Dirty Martini Chicken Thighs

“You only live twice, so live and let die.” Channeling 007! OK, the recipe name alone got our attention! As Bon Appétit puts it “This cheeky chicken dish takes its cues from the king of cocktails: the dirty martini. A healthy pour of vodka stands in for the more typical beer or wine in this braise, lending its distinct piercing brightness and a touch of boozy heat.”

The idea of adding the same notes of the briny beverage to food might sound off-putting at first but don’t knock it until you’ve tried it. Giving your meals a dirty martini twist can actually add so much savoriness to each bite, and if you love the taste of the classic drink, why wouldn’t you want to include the unique umami flavor in your meals, too?

The spirit’s sharp top notes cut through the heaviness of the ultra-savory pan sauce, much like vinegar or lemon juice but with a bit more bite. As is the case in a classic vodka sauce for pasta, the alcohol helps the dish straddle the line between rich and vibrant. As it all simmers, why not mix up a drink for dinner too—just sayin’ you’ve got all the ingredients at the ready!

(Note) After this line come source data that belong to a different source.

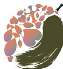
ユースアッセンブリーのロゴ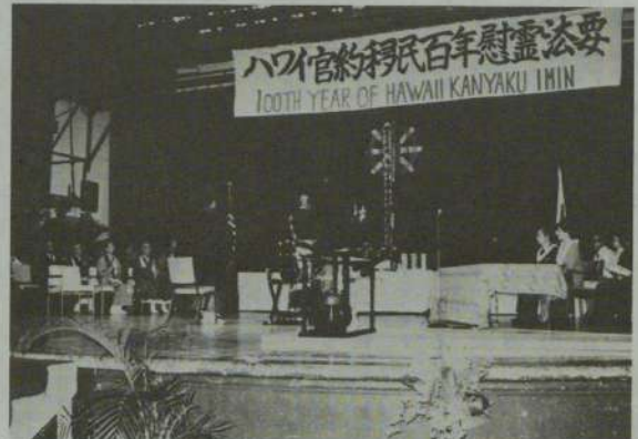
各宗教合同の追悼法要 (マッキンレー・ハイスクール)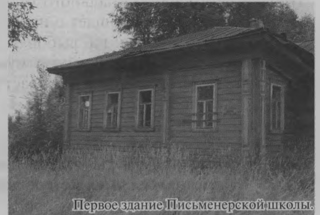
Первое здание Письменерской школы.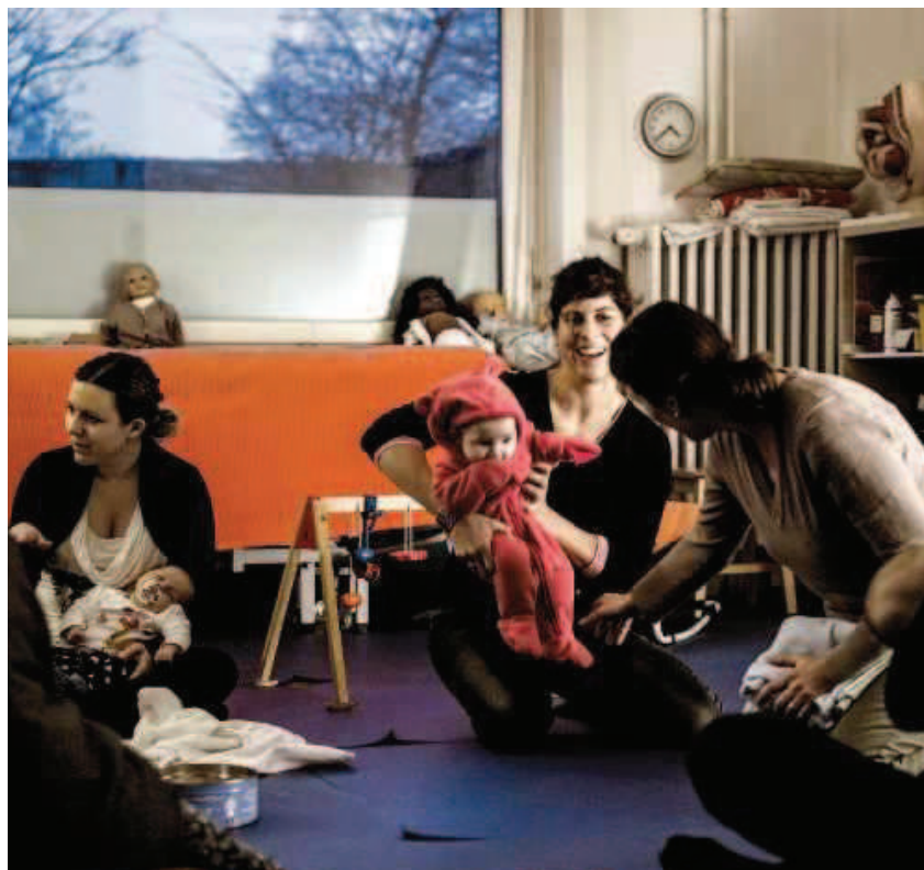
Grosse Freude an den Kleinen der anderen: Ja, es fühlt sich gut an, Göttin zu sein.

Der erste Eindruck ist gut, und ich bin emotional mittendrin. Das kleine Mädchen schläft auf dem Arm seiner Mutter, einer 20-jährigen Migrantin. Sie wohnt allein in einem einfachen Appartement und ist zurückhaltend, doch sie strahlt. Ihr Glück rührt mich zu Tränen. Alle Professionalität, die ich mir für diesen Tag zurecht gelegt hatte, ist wie weggewischt. Franziska lässt die Frau von ihrer Geburt erzählen, von den heftigen Schmerzen. Die junge Frau tut es ohne jegliche Scham, lässt sich dann den Uterus abtasten, zeigt ihre Brüste. Während ich die Kleine für das Wägen ausziehe, bespricht sie mit Franziska das Stillen. Sie pumpe jeweils ab, um zu sehen, wie viel die Kleine trinke. Tatsächlich: Sie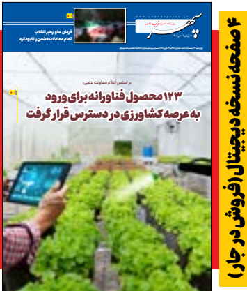
۴ صفحه نسخه دیجیتال (فروش در چار)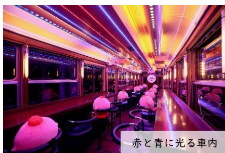
赤と青に光る車内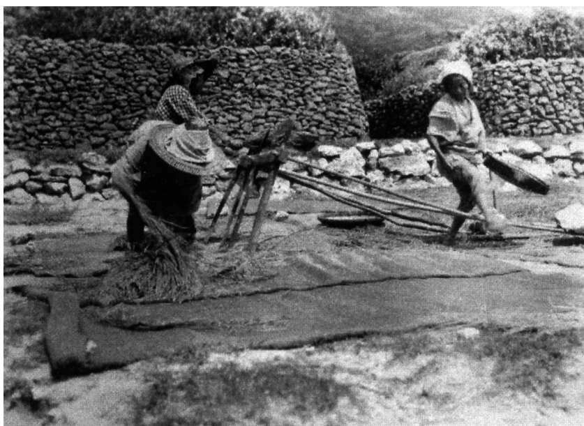
写真71 稲こぎ クダ（千歯）を用ふる例 昭11.8.1 於阿伝 [目録番号：写真類1-14-107]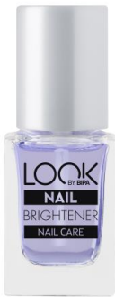
LOOK BY BIPA Nail Brightener EUR 2,25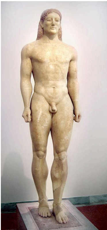
Figura 2: Kuros de Anavissos. ca. 530 a.C. Museo Arqueológico Nacional de Atenas.

A diferencia de lo que ocurrió en Esparta, ninguna población del Ática pasó a depender de los atenienses ni a tener un status diferente: todos fueron considerados por igual ciudadanos de Atenas. A diferencia también de Esparta, cuyo sistema socio-político desde la época arcaica tendió a fosilizarse y a no evolucionar, en Atenas los cambios políticos se sucedieron. Varios dirigentes desde Solón emprendieron reformas que a la larga condujeron a la instauración de un sistema de gobierno democrático, plenamente conformado en época clásica.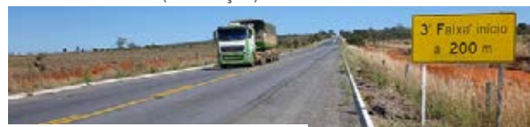
Goiás - BR-080 (pavimento)

For the best flavor, Castelvetrano olives are the perfect choice here. Their firm, meaty texture means they hold up well during cooking, and their mild, buttery flavor isn’t as salty as other types. Because you are using both the olives and the brine they are packed in, it’s a small luxury worth investing in. Find them already pitted—jarred, canned, or at an olive bar—our favorite— if your grocery store has one. Unfortunately, the olive bar uses slitted spoons so we couldn’t gather the brine; and the jarred Castelvetrano olives weren’t pitted. The brand we selected worked fine.

A little labor intensive but so worth the time and effort! Now, this took MUCH longer than the stated 45 minutes (and many other reviewers agreed). From start to finish, it took us more than 1 hour and 45 minutes! Reduction of the sauce needs a lot more that 9 to 12 minutes. What to serve it with? How about steamed rice, velvety mashed potatoes, or as we did, wide egg noodles.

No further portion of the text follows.